The environment class allows to create 3 types of linear bandit problems: 
* 'fixed' : normally requires a fixed_actions input (otherwise randomly generated at start) which is kept all along the game;
* 'arbitrary': at each round, an 'arbitrary' set of actions is chosen and here we decided to simply create a pool of (d x K) vectors and let the environment choose K of them without replacement at each round;
* 'iid' : at each round, the environment samples K actions at random on the sphere.

For each of these types of game, the class is used to generate the action sets at each round and the reward for a chosen action (chosen by an Agent, see the "Play!" section for the details of the interaction).

In [None]:
class LinearBandit(Environment):
    
    def __init__(self, theta, K, pb_type, model='gaussian', var=1., fixed_actions=None):
        """
        theta: d-dimensional vector (bounded) representing the hidden parameter
        K: number of actions per round (random action vectors generated each time)
        """
        self.model = model
        self.d = np.size(theta)
        self.theta = theta
        self.K = K
        self.var = var
        self.current_action_set = np.zeros(self.d)
        self.pb_type = pb_type
        if self.pb_type not in ['fixed', 'iid', 'arbitrary']:
            raise ValueError(pb_type, "this type of problem is unknown, either change it or define it :)")
            
        #Now, set up the game for the given type:
        if self.pb_type == 'fixed':
            if fixed_actions is not None:

                self.K, action_dim = fixed_actions.shape #safety reset of self.K in case different
                if action_dim != self.d: # safety check
                    raise ValueError(fixed_actions, "actions dimension and theta mismatch: fix your actions.")
                self.fixed_actions = fixed_actions
            else:
                #create a fixed action set:
                self.fixed_actions = randomActionsGenerator(self.K, self.d)
            
            self.current_action_set = self.fixed_actions
            
        elif self.pb_type == 'arbitrary':
            #generate d*K actions and then sample K from this set at each round
            # Note any other way to generate an arbitrary sequence can be used
            self.pool_of_actions = randomActionsGenerator(self.d * self.K, self.d)
            # select K actions without replacement in the pool:
            self.current_action_set = self.pool_of_actions[np.random.choice(self.d*self.K, self.K, replace=False)]
        elif self.pb_type == 'iid':
            # generate a random set
            self.current_action_set = randomActionsGenerator(self.K, self.d)       
            
        
    def get_action_set(self):
        if self.pb_type == 'fixed':   
            self.current_action_set = self.fixed_actions
            return self.current_action_set
        elif self.pb_type == 'iid':
            self.current_action_set = randomActionsGenerator(self.K, self.d)
            return self.current_action_set
        elif self.pb_type == 'arbitrary':
            self.current_action_set = self.pool_of_actions[np.random.choice(self.d*self.K, self.K, replace=False)]
            return self.current_action_set
        
        
    def get_reward(self, action):
    
        """ sample reward given action and the model of this bandit environment
        action: d-dimensional vector (action chosen by the learner)
        """
        mean = np.dot(action, self.theta)
        if self.model == 'gaussian':
            return np.random.normal(mean, scale=self.var)
        else:#add bernoulli model option
            raise NotImplementedError('only Gaussian rewards are implemented so far')
            
    def get_means(self):
        return np.dot(self.current_action_set, self.theta)
        
        


# Linear Bandit Agents

For your report, **please export only the notebook from this cell on**. 

**Your Name**: XX XX

**Your co-author's name**: XX XX / NA (leave NA if no co-author)

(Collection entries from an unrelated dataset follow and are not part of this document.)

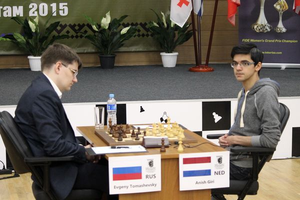 Создав фигурное давление на королевском фланге, белые вынудили соперника предложить размен белопольных слонов. После этого Аниш отыграл пешку а4, зато Евгений провел важный прорыв в центре d6-d5. Возникла позиция динамического равновесия. Однако практически сразу после этого черные стали играть излишне пассивно, хотя от них требовались более активные действия. Белые удачно перегруппировались и повели наступление на королевском фланге. Испытывая недостаток времени, Томашевский допустил несколько неточностей и попал под атаку. На 58-м ходу черные признали свое поражение.
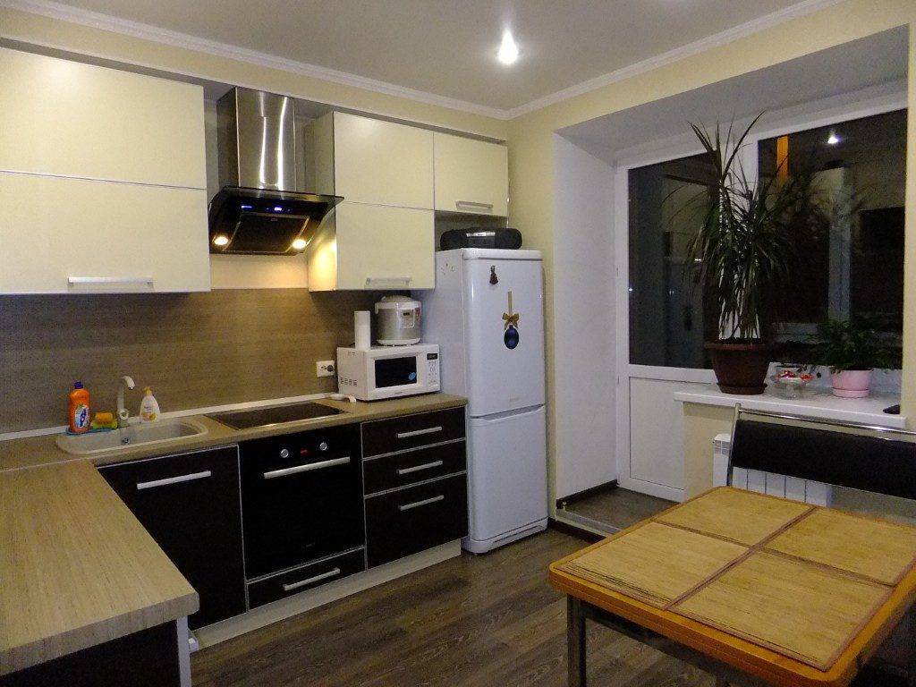 Г-образное расположение можно сделать, если дверь находится в углу. Дверь заменяется на арку, купе или в виде гармошки. Холодильник ставится возле дверного проема. Если место позволит, то можно приобрести Г-образный гарнитур, он имеет больше ящиков и шкафов для хранения.
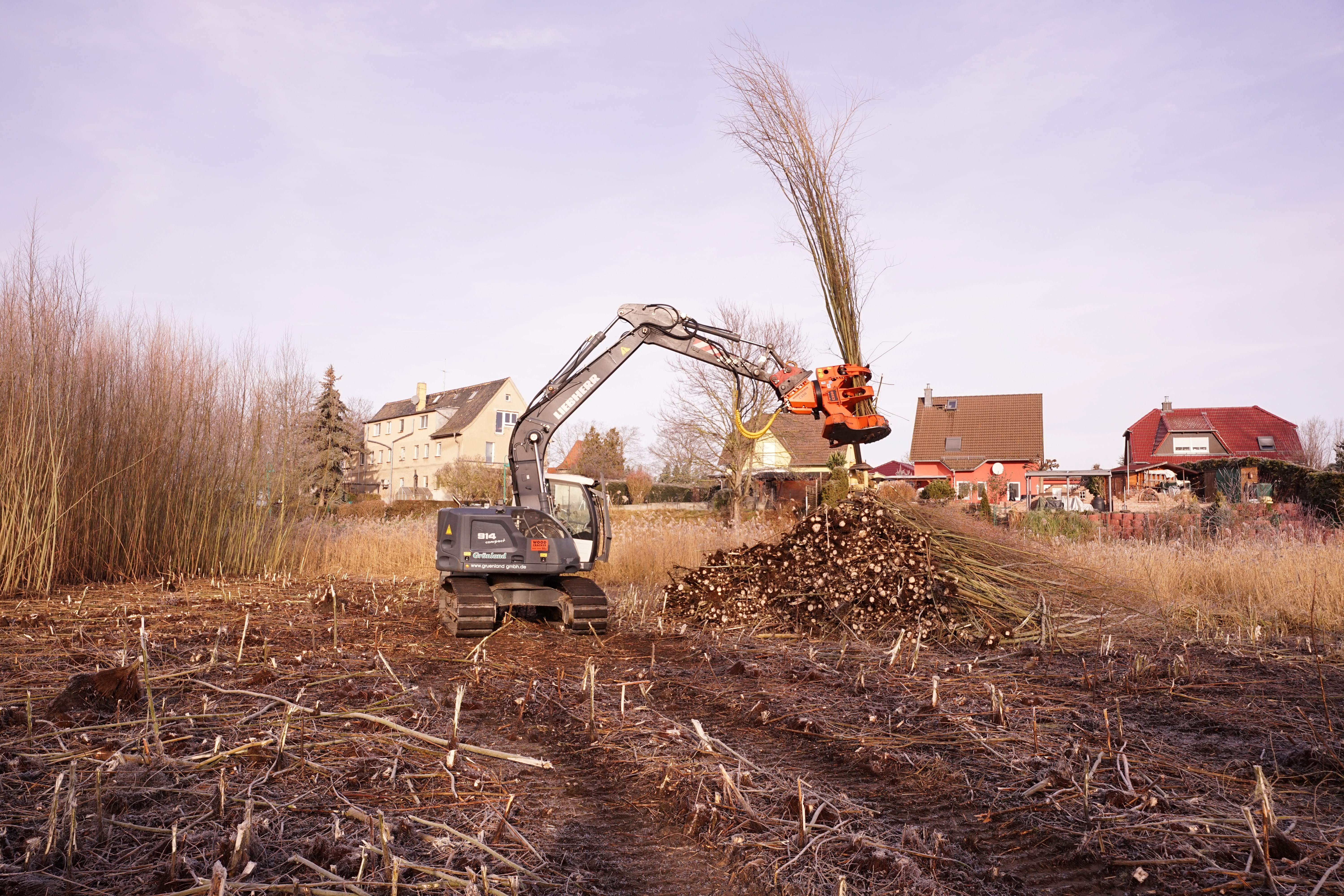 Große Holzerntemaschinen sind vor Ort im Einsatz, um die natürliche Sukzession zurückzudrängen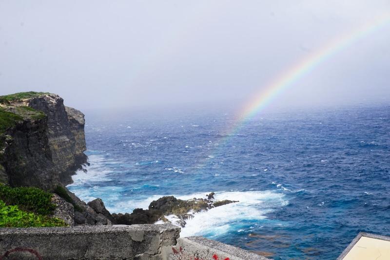 Nous repassons du côté de la Porte d’Enfer, avec sa vue toujours aussi impressionnante sur l’océan et sublimée par un arc-en-ciel (et même un double arc-en-ciel en y regardant bien).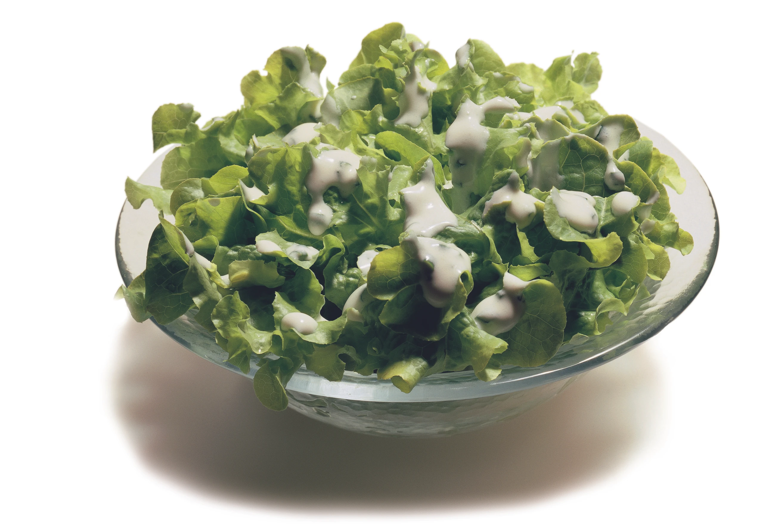 Eichblattsalat putzen, zerpflücken, waschen und gut abtropfen lassen. Joghurt mit Salz, Pfeffer und einigen Tropfen Zitronensaft würzen und mit Milch verrühren. Weinessig mit Salz und Pfeffer verrühren. Olivenöl unter ständigem Rühren zugießen. Salat mit der klaren Marinade übergießen, behutsam vermischen und anrichten, dann mit der Joghurtmarinade beträufeln.

## LinUCB : Implementing optimism in $R^d$

As seen in class, the actions are now vectors in $R^d$, representing contextual features, and the environment is assumed to generate rewards according to some hidden linear function $f_\theta(a) = a^\top \theta$. The goal of the learner is thus to estimate $\theta$ while keeping a measure of the uncertainty in all the directions of the feature space. 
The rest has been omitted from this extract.